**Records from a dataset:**
◆ ◆ ◆ ◆

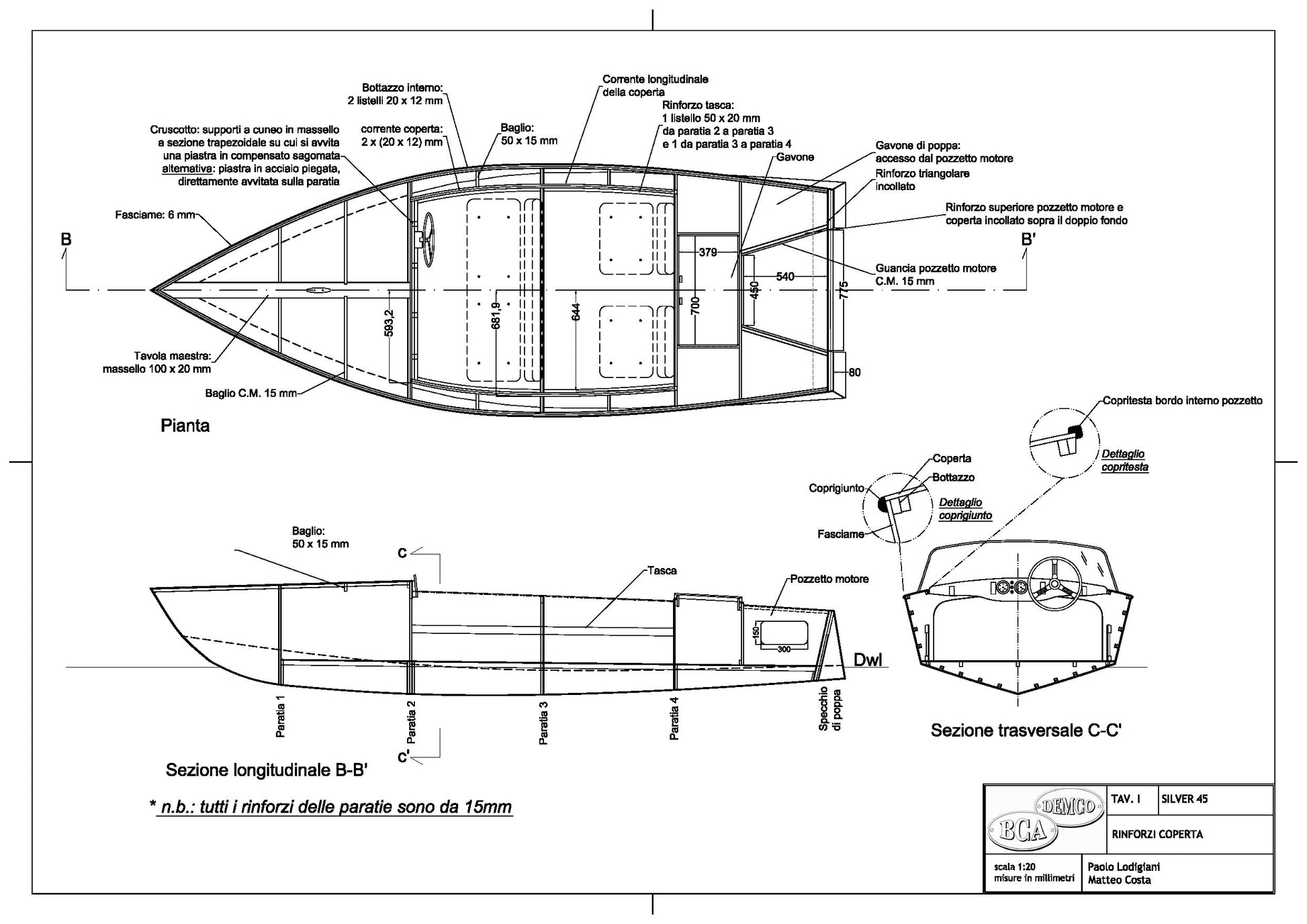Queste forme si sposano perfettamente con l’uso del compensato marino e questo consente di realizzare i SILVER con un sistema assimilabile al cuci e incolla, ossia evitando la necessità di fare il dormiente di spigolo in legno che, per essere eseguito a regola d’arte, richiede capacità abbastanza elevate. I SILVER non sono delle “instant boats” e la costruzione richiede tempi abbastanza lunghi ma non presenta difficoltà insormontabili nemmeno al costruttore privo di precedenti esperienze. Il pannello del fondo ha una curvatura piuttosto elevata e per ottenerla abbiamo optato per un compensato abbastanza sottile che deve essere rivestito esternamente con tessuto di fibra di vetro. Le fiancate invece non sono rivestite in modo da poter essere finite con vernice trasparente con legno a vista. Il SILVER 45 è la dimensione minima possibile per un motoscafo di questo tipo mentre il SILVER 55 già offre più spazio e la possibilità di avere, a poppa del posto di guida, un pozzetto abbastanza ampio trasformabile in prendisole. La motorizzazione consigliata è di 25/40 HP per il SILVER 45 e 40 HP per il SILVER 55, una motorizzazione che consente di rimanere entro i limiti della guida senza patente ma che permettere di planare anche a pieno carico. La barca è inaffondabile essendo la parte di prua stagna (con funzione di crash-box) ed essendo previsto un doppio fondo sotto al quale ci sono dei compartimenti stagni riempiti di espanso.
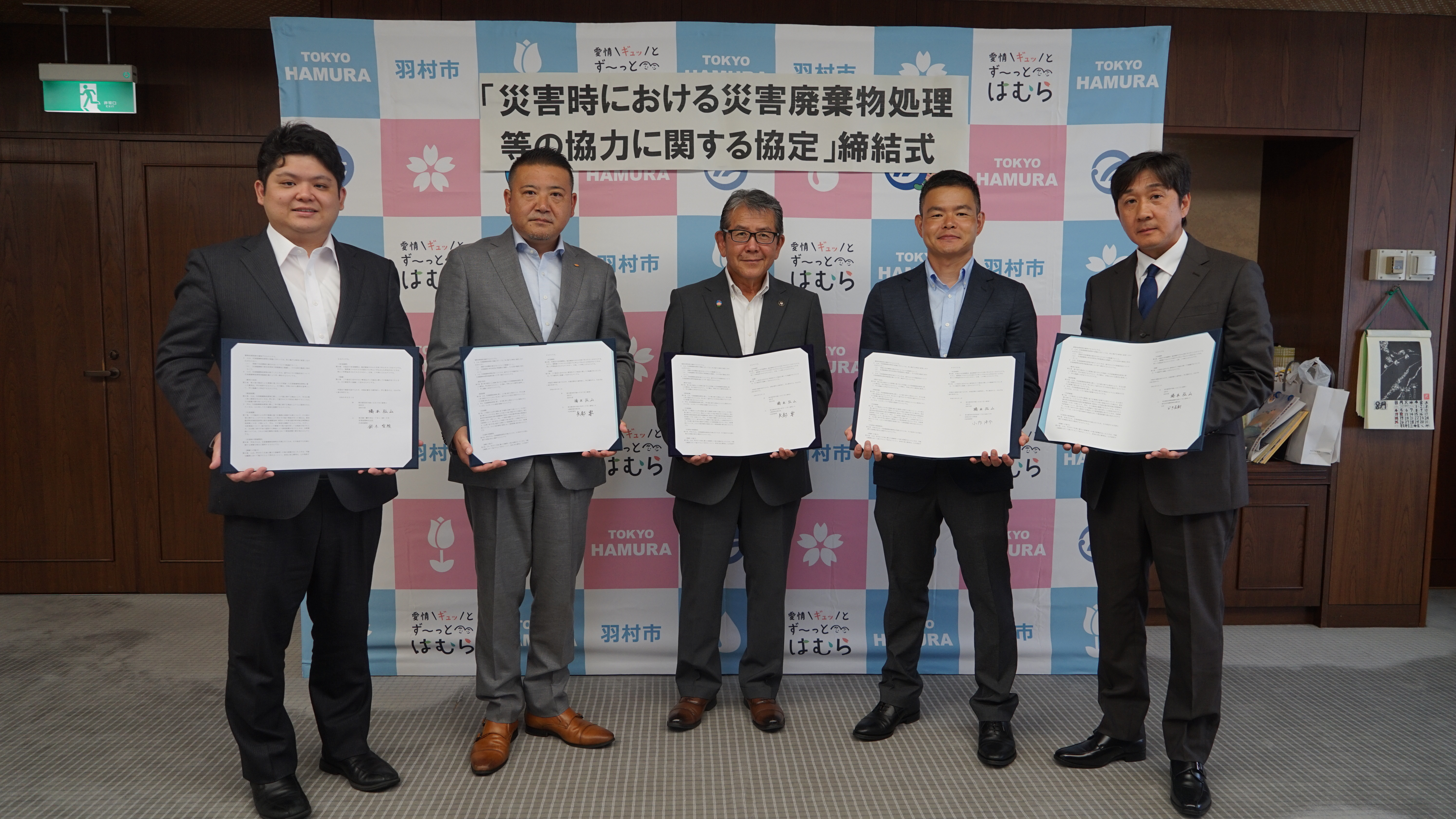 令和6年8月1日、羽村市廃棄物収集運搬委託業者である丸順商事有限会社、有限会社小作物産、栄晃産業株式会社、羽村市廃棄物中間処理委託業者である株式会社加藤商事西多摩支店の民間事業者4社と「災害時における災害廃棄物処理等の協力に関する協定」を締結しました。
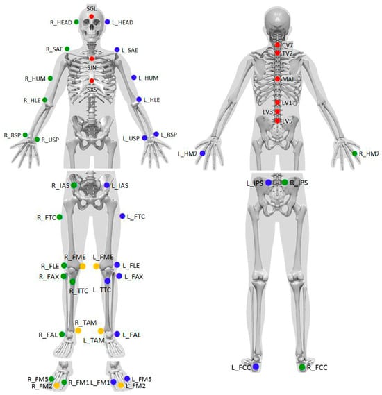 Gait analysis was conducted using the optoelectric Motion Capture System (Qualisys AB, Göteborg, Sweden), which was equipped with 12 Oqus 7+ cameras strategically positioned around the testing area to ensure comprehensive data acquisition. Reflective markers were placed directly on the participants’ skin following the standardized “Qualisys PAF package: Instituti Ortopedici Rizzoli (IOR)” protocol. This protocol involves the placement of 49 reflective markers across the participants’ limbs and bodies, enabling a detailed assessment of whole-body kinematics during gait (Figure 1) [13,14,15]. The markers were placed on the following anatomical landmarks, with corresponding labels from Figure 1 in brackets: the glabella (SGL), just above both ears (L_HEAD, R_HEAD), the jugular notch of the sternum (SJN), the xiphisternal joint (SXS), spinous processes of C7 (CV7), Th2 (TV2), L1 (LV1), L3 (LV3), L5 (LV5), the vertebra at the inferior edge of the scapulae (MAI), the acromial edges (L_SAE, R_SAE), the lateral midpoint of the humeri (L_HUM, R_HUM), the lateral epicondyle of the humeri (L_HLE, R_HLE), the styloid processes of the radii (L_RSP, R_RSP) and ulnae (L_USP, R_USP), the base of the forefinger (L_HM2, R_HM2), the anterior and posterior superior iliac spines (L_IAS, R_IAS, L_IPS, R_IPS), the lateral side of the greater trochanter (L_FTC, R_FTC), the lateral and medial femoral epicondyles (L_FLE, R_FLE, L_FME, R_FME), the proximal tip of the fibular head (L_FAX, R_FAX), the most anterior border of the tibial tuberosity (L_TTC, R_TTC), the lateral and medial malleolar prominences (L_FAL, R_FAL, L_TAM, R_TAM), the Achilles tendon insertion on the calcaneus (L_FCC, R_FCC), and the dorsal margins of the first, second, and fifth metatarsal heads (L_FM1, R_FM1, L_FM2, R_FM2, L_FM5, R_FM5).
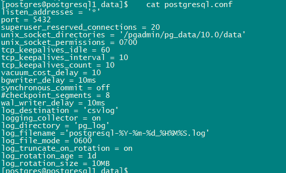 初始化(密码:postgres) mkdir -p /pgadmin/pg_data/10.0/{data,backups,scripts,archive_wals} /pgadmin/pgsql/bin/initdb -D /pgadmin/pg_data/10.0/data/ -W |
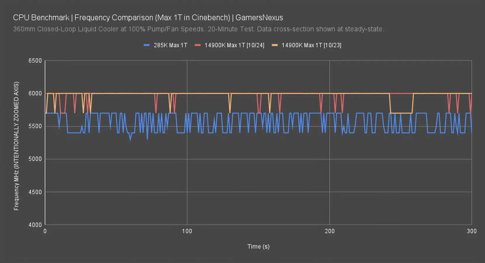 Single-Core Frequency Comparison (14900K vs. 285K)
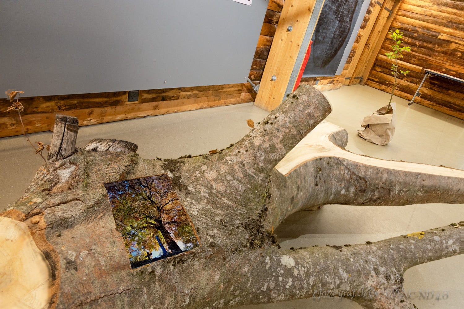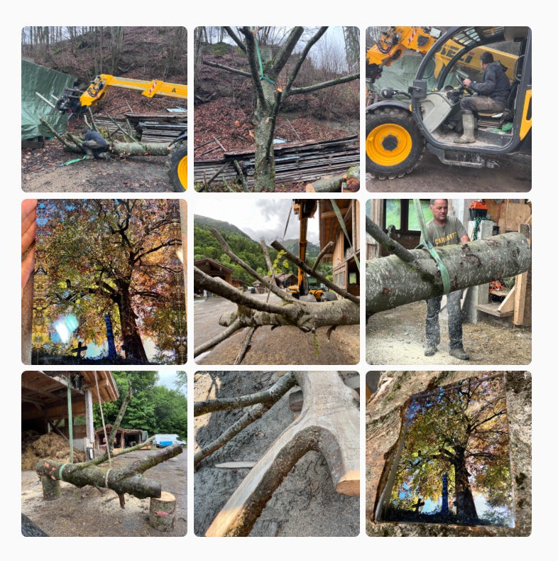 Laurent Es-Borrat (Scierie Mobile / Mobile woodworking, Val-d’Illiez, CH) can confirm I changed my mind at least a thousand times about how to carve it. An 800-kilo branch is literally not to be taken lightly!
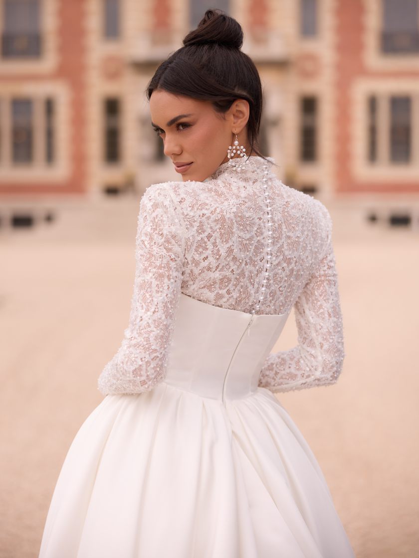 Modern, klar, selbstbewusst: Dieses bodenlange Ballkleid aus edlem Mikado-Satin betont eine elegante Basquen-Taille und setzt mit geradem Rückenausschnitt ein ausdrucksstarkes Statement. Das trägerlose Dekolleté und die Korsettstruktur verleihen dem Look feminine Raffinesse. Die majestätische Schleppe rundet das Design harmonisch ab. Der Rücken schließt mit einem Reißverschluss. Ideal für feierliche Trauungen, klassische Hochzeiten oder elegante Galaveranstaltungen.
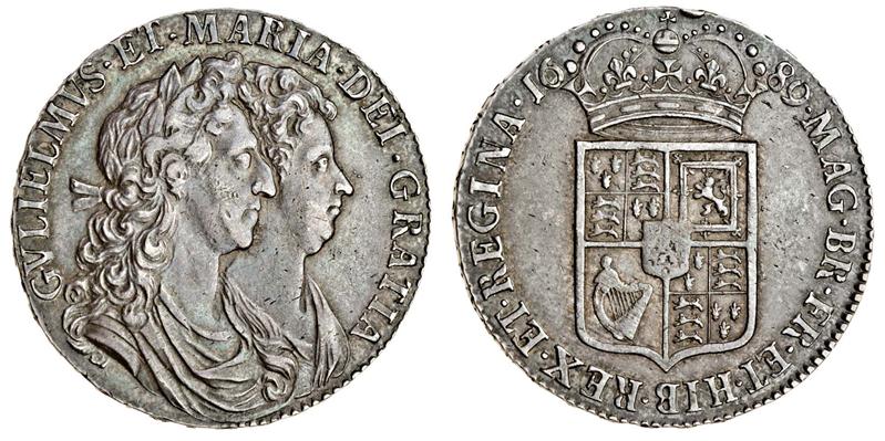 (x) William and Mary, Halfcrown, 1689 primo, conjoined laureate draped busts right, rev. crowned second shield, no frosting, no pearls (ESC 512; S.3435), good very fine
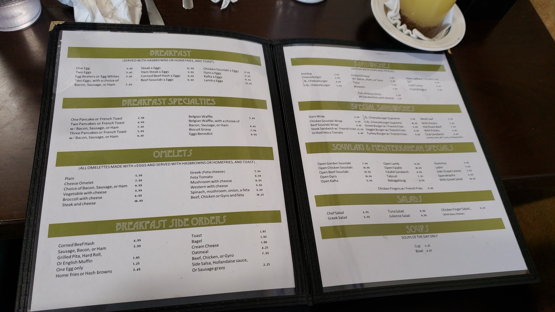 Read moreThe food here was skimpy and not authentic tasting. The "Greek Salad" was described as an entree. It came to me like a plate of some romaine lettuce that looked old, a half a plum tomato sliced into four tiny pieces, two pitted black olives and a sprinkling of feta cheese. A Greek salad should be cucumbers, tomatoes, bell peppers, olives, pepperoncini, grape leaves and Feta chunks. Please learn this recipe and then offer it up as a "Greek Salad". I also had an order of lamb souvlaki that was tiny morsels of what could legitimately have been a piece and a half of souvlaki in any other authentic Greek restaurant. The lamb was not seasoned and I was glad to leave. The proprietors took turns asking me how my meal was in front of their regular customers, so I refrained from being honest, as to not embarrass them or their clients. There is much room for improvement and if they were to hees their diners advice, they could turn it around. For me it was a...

◆ ◆ ◆ ◆

**GOAL OF THE EXERCISE:**
Retype all the records exactly and keep out every picture.

**SOLUTION:**
Queste forme si sposano perfettamente con l’uso del compensato marino e questo consente di realizzare i SILVER con un sistema assimilabile al cuci e incolla, ossia evitando la necessità di fare il dormiente di spigolo in legno che, per essere eseguito a regola d’arte, richiede capacità abbastanza elevate. I SILVER non sono delle “instant boats” e la costruzione richiede tempi abbastanza lunghi ma non presenta difficoltà insormontabili nemmeno al costruttore privo di precedenti esperienze. Il pannello del fondo ha una curvatura piuttosto elevata e per ottenerla abbiamo optato per un compensato abbastanza sottile che deve essere rivestito esternamente con tessuto di fibra di vetro. Le fiancate invece non sono rivestite in modo da poter essere finite con vernice trasparente con legno a vista. Il SILVER 45 è la dimensione minima possibile per un motoscafo di questo tipo mentre il SILVER 55 già offre più spazio e la possibilità di avere, a poppa del posto di guida, un pozzetto abbastanza ampio trasformabile in prendisole. La motorizzazione consigliata è di 25/40 HP per il SILVER 45 e 40 HP per il SILVER 55, una motorizzazione che consente di rimanere entro i limiti della guida senza patente ma che permettere di planare anche a pieno carico. La barca è inaffondabile essendo la parte di prua stagna (con funzione di crash-box) ed essendo previsto un doppio fondo sotto al quale ci sono dei compartimenti stagni riempiti di espanso.
 令和6年8月1日、羽村市廃棄物収集運搬委託業者である丸順商事有限会社、有限会社小作物産、栄晃産業株式会社、羽村市廃棄物中間処理委託業者である株式会社加藤商事西多摩支店の民間事業者4社と「災害時における災害廃棄物処理等の協力に関する協定」を締結しました。
 Gait analysis was conducted using the optoelectric Motion Capture System (Qualisys AB, Göteborg, Sweden), which was equipped with 12 Oqus 7+ cameras strategically positioned around the testing area to ensure comprehensive data acquisition. Reflective markers were placed directly on the participants’ skin following the standardized “Qualisys PAF package: Instituti Ortopedici Rizzoli (IOR)” protocol. This protocol involves the placement of 49 reflective markers across the participants’ limbs and bodies, enabling a detailed assessment of whole-body kinematics during gait (Figure 1) [13,14,15]. The markers were placed on the following anatomical landmarks, with corresponding labels from Figure 1 in brackets: the glabella (SGL), just above both ears (L_HEAD, R_HEAD), the jugular notch of the sternum (SJN), the xiphisternal joint (SXS), spinous processes of C7 (CV7), Th2 (TV2), L1 (LV1), L3 (LV3), L5 (LV5), the vertebra at the inferior edge of the scapulae (MAI), the acromial edges (L_SAE, R_SAE), the lateral midpoint of the humeri (L_HUM, R_HUM), the lateral epicondyle of the humeri (L_HLE, R_HLE), the styloid processes of the radii (L_RSP, R_RSP) and ulnae (L_USP, R_USP), the base of the forefinger (L_HM2, R_HM2), the anterior and posterior superior iliac spines (L_IAS, R_IAS, L_IPS, R_IPS), the lateral side of the greater trochanter (L_FTC, R_FTC), the lateral and medial femoral epicondyles (L_FLE, R_FLE, L_FME, R_FME), the proximal tip of the fibular head (L_FAX, R_FAX), the most anterior border of the tibial tuberosity (L_TTC, R_TTC), the lateral and medial malleolar prominences (L_FAL, R_FAL, L_TAM, R_TAM), the Achilles tendon insertion on the calcaneus (L_FCC, R_FCC), and the dorsal margins of the first, second, and fifth metatarsal heads (L_FM1, R_FM1, L_FM2, R_FM2, L_FM5, R_FM5).
 初始化(密码:postgres) mkdir -p /pgadmin/pg_data/10.0/{data,backups,scripts,archive_wals} /pgadmin/pgsql/bin/initdb -D /pgadmin/pg_data/10.0/data/ -W |
 Single-Core Frequency Comparison (14900K vs. 285K)
 Laurent Es-Borrat (Scierie Mobile / Mobile woodworking, Val-d’Illiez, CH) can confirm I changed my mind at least a thousand times about how to carve it. An 800-kilo branch is literally not to be taken lightly!
 Modern, klar, selbstbewusst: Dieses bodenlange Ballkleid aus edlem Mikado-Satin betont eine elegante Basquen-Taille und setzt mit geradem Rückenausschnitt ein ausdrucksstarkes Statement. Das trägerlose Dekolleté und die Korsettstruktur verleihen dem Look feminine Raffinesse. Die majestätische Schleppe rundet das Design harmonisch ab. Der Rücken schließt mit einem Reißverschluss. Ideal für feierliche Trauungen, klassische Hochzeiten oder elegante Galaveranstaltungen.
 (x) William and Mary, Halfcrown, 1689 primo, conjoined laureate draped busts right, rev. crowned second shield, no frosting, no pearls (ESC 512; S.3435), good very fine
 Read moreThe food here was skimpy and not authentic tasting. The "Greek Salad" was described as an entree. It came to me like a plate of some romaine lettuce that looked old, a half a plum tomato sliced into four tiny pieces, two pitted black olives and a sprinkling of feta cheese. A Greek salad should be cucumbers, tomatoes, bell peppers, olives, pepperoncini, grape leaves and Feta chunks. Please learn this recipe and then offer it up as a "Greek Salad". I also had an order of lamb souvlaki that was tiny morsels of what could legitimately have been a piece and a half of souvlaki in any other authentic Greek restaurant. The lamb was not seasoned and I was glad to leave. The proprietors took turns asking me how my meal was in front of their regular customers, so I refrained from being honest, as to not embarrass them or their clients. There is much room for improvement and if they were to hees their diners advice, they could turn it around. For me it was a...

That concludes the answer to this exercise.